None of the words Mark bolded inherently have anything to do with similitude or metaphor, so again I suspect that Mark is bolding them in anticipation of Boltzmann's work becoming a something-or-other for Planck and these same words therefore reappearing in Planck's work. (I guess calling subdivisions "cells" could be metaphoric (it's coincidental that Volta called something very different a "cell" in the previous example).)
P26:
What I noted down: "That way of solving the problem was invented in 1877, and twenty-three years later, at the end of 1900, Max Planck applied it to an apparently rather different problem, black-body radiation."
i: "To analyze that situation, P imagined a container or cavity filled with radiation, that is, with light, heat, radio waves, and so on. In addition, he supposed that the cavity contained a lot of what he called 'resonators' (think of them as tiny electrical tuning forks, each sensitive to radiation at one frequency, not at others)."

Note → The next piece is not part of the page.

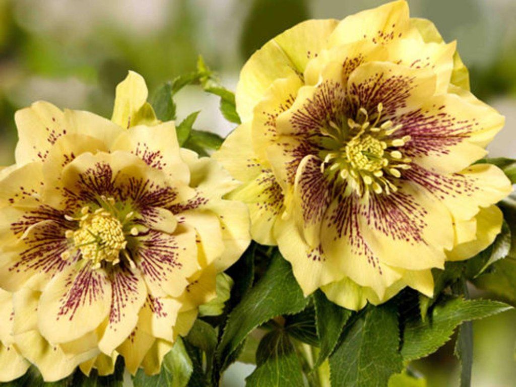 Christrose 'SP Abby' - ein absolut einzigartig gefärbter Kultivar eines immergrünen, kleineren Strauchs. Sie erreicht eine Höhe von etwa 40 cm. Im Laufe des Januars beginnen sich gelb gefärbte Blüten zu entwickeln, mit deutlicher, himbeerfarbener Äderung und einem Rand der Blütenblätter. Die Blütenfarbe kontrastiert wunderschön mit den dunkelgrünen, glänzenden Blättern. Diese wunderschöne Winterkönigin sollte in keinem Garten fehlen.

Except for "tiny electrical tuning forks" there's nothing metaphoric about any of these words either, but bolding them highlights that what Planck is doing is conceiving a way to make the black-body radiation problem resemble Boltzmann's problem about the entropy of gases and the velocity distribution of their molecules, since by doing so Planck therefore believes he'll have a method for solving the black-body radiation problem.
ii: "Roughly speaking, he used probability theory to find the proportion of resonators that fell in each of the various cells"
And I kept going with the sentence: "just as Boltzmann had found the proportion of the molecules.
iii: "cell size e"
iv: "an infinity of satisfactory values"
Don't know Mark's thought in including these in particular, though he's probably highlighting the reappearance of "cell size." "Infinity of satisfactory values" points out a feature of Boltzmann's derivation that Planck discovered had to be different in his own, where there could only be one cell size.